Arthur C. Clarke’s A Fall of Moondust (1962) impressed me for lot of reasons when I first read it. The book still does – not least because, seven years before the first Moon landings, he predicted (a) that the only life found on the Moon would be bacteria retrieved from human-built probes, and (b) the surface features would be a lot less jagged than was supposed in the 1950s.
He was right on both counts, and that’s quite apart from his descriptions of how dust thrown up from a vehicle doesn’t drift – it moves in ballistic arcs, because there’s no air resistance. And that’s exactly what the Apollo Lunar Roving vehicles did a decade or so later.
A few years earlier, on the other side of the Atlantic, Robert Heinlein produced an incredibly accurate description of how space-suits would have to be built in Have Spacesuit, Will Travel (1958), the last of his so-called ‘juveniles’. This was down to the need for bellows-style joints for mobility, use of air-flow to cool the astronaut, and how the inside of the helmet was likely to include dispensers for pills, drink and so forth. All of this came to pass, with the exception of adiabatic cooling. That was tried in the Gemini EVA suits, but it wasn’t sufficient to keep the astronauts cool – which is why the Apollo suits included a water-cooling inner garment.
So how did that work? Were Clarke and Heinlein secret time travellers? Of course not. Clarke specialised in ultra-hard science fiction – always beneath the surface, secondary to the characters and the story. But the science was always there, and the principles he described were well known by the mid-twentieth century. Bacteria are ubiquitous and get everywhere – so yeah, of course there’ll be some on board our space probes. It was to discover just that point, among other things, that Apollo 12 landed near the Surveyor 3 probe that had landed two years earlier, and the crew retrieved components. Guess what – yes, they had bacteria in them. More to the point, it was viable.

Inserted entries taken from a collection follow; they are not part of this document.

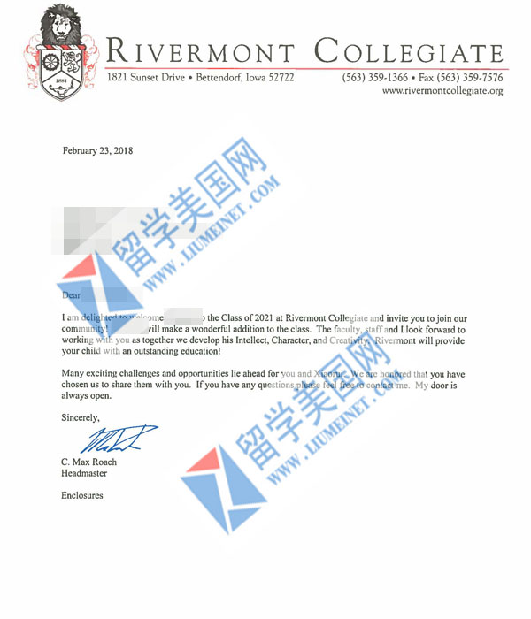 恭喜L同学获得 Rivermont Collegiate 录取offer!【爱荷华州排名第一】!留美网祝L同学在美国前程似锦!学业有成!》》美国高中补录专题
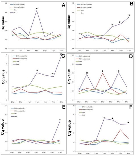 For alignment of the cDNA plots, Cq values were rescaled after comparing with viral genome copies amounts and modified in absolute amounts along the y-axis for better visualization.
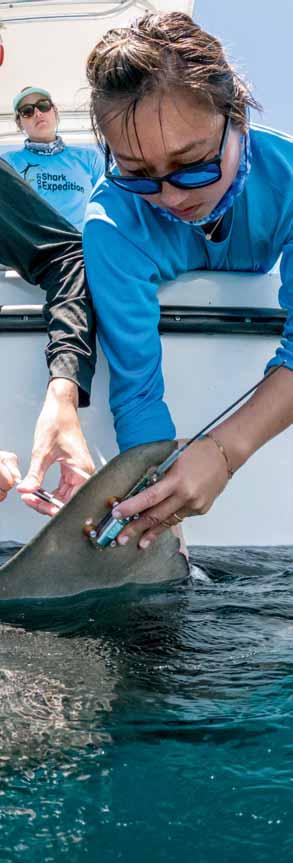 During the weeklong expedition in August 2021, researchers from the Dutch Caribbean Nature Alliance, with support from WWF-Netherlands, caught and analyzed a total of 16 tiger sharks; of those, one was pregnant. They also satellite-tagged five sharks so they could track the animals’ migration routes.
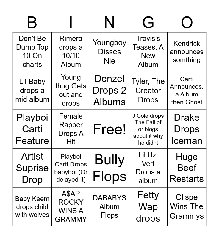 This bingo card has a free space and 24 words: Playboi Carti Drops babyboi (Or delayed it), A$AP ROCKY WINS A GRAMMY, Denzel Drops 2 Albums, Baby Keem drops child with wolves, Kendrick announces somthing, Don’t Be Dumb Top 10 On charts, Lil Baby drops a mid album, Rimera drops a 10/10 Album, J Cole drops The Fall of or blogs about it why he didnt, Bully Flops, Tyler, The Creator Drops, Playboi Carti Feature, Lil Uzi Vert Drops a album, Huge Beef Restarts, Young thug Gets out and drops, Fetty Wap drops, Drake Drops Iceman, Youngboy Disses Nle, Carti Announces. a Album then Ghost, Female Rapper Drops A Hit, Clispe Wins The Grammys, Artist Suprise Drop, Travis’s Teases. A New Album and DABABYS Album Flops.
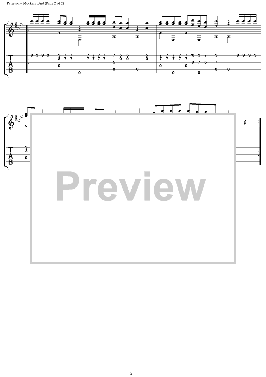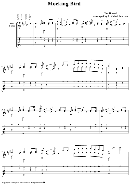 Digital Sheet Music for Mocking Bird by J. Kalani Peterson, Traditional scored for Guitar Tab; id:95700
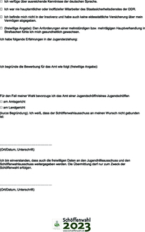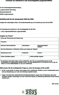 Personen, die zur Wahl als Jugendschöffin /Jugendschöffe vorgeschlagen werden, dürfen nicht noch einmal in die Vorschlagsliste einer Ortsgemeinde bzw. der Stadt Stromberg zur Wahl der Schöffinnen/Schöffen aufgenommen werden.
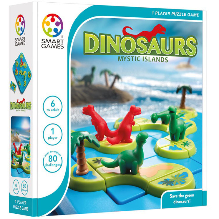 Plaats de eilanden en red zo de groene dinos in Dinosaurs – Mystic Islands van SmartGames! Blijf geconcentreerd en herbeleef het Jura-tijdperk. Dinosaurs: Mystic Islands is een fascinerend spel waarin je de puzzelstukken met de eilanden zo moet plaatsen dat de groene planteneters niet samen staan met de rode vleeseters. Kan je de 80 opdrachten aan en slaag je erin de lieve dino’s te redden van de T-rex’en?
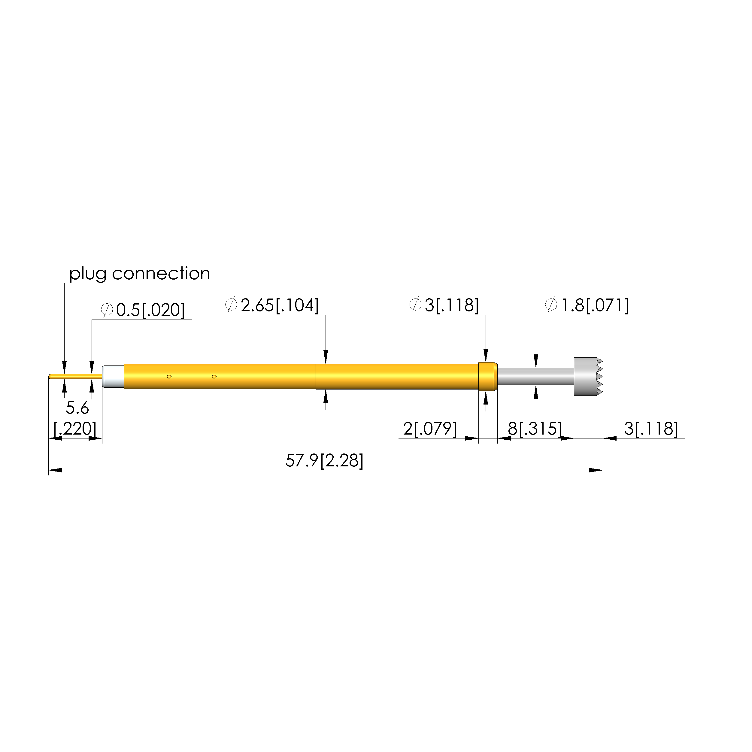 - Barrel diameter: 2.65 mm [.104 in]
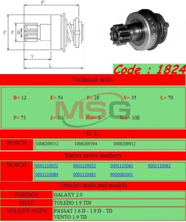 Бендикс стартера GHIBAUDI MARIO 1824
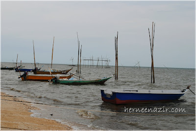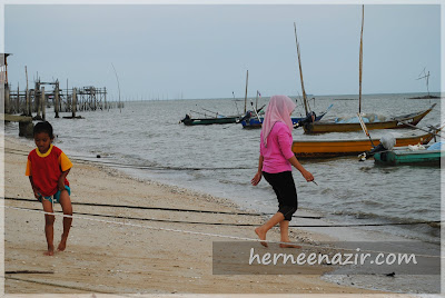 Air baru je nak pasang petang masa ni. Saya rasa macam nak ajak Wahida mandi laut je, tapi kata En. Nazir, nanti orang kampung pelik pula tengok ada orang mandi manda hehehe~
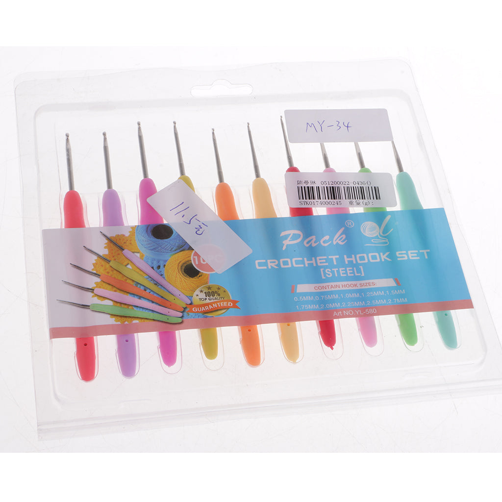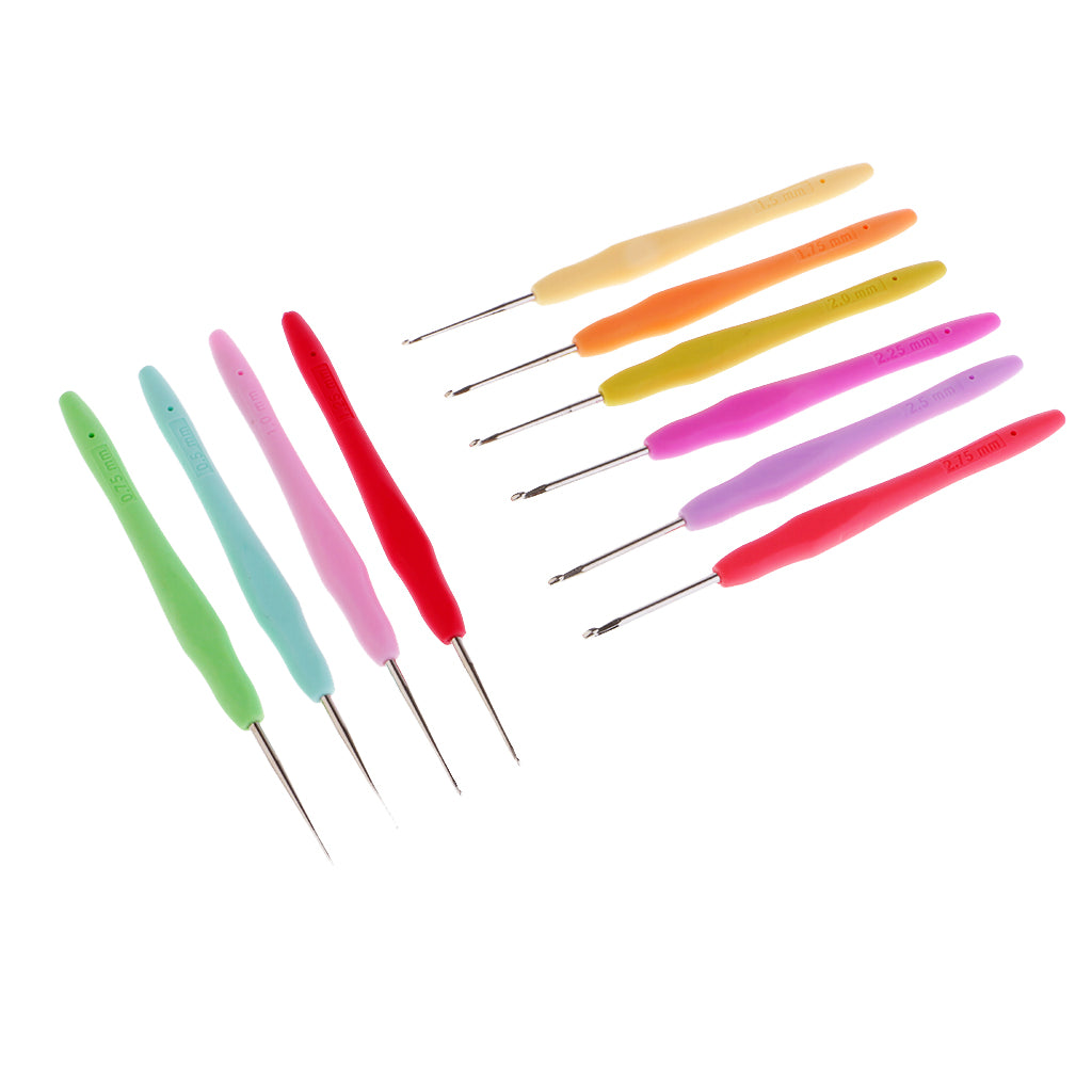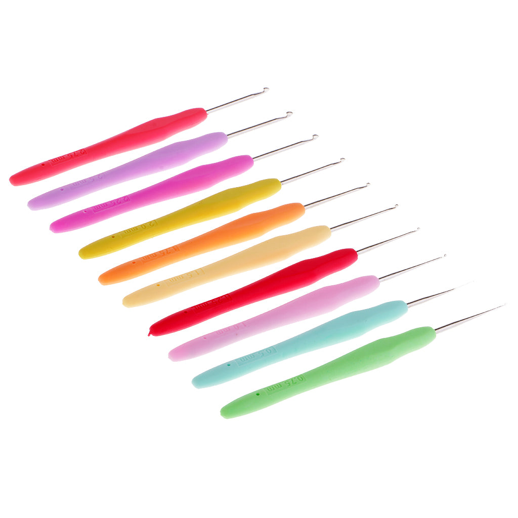 10pcs Colorful Metal Crochet Hooks Needles Set w/ Soft Handle 0.5-2.75mm

That’s why, today, NASA have been very careful to sterilise probes as far as possible – and to crash-dive the Galileo and Cassini probes into Jupiter and Saturn, to avoid contaminating potential life-hosting moons.
The dust-in-an-arc issue didn’t even need proving in 1962. Fine particles are small enough to be influenced by the air, which is partly why dirt thrown up from wheels spreads so much. Without air that won’t happen.
Heinlein’s space-suit, meanwhile, was phenomenally accurate for a couple of reasons. One was that, as an engineer, he had worked on spacesuit design in the early 1940s, when they were needed for high altitude flight. By the 1950s, working spacesuits were already in service for that very purpose. The first Mercury program suits, indeed, were adapted Mk IV Navy suits. What hadn’t been done was to build one that would operate outside a spacecraft – which is what Heinlein was describing – but they were on the drawing board and it wasn’t much of a stretch for him.
This highlights what both authors were doing – which was giving their future worlds a very solid dose of credibility, by mildly extending what was already known and established. And, inevitably, that meant they had to make predictions based on some very solid reality and fact, which they did with intellect and reason – and which, inevitably, panned out.
Oh, Clarke also predicted the modern world of the internet, personal computers and social media. In detail, and precisely, even down to the changes it would bring to society. Just saying.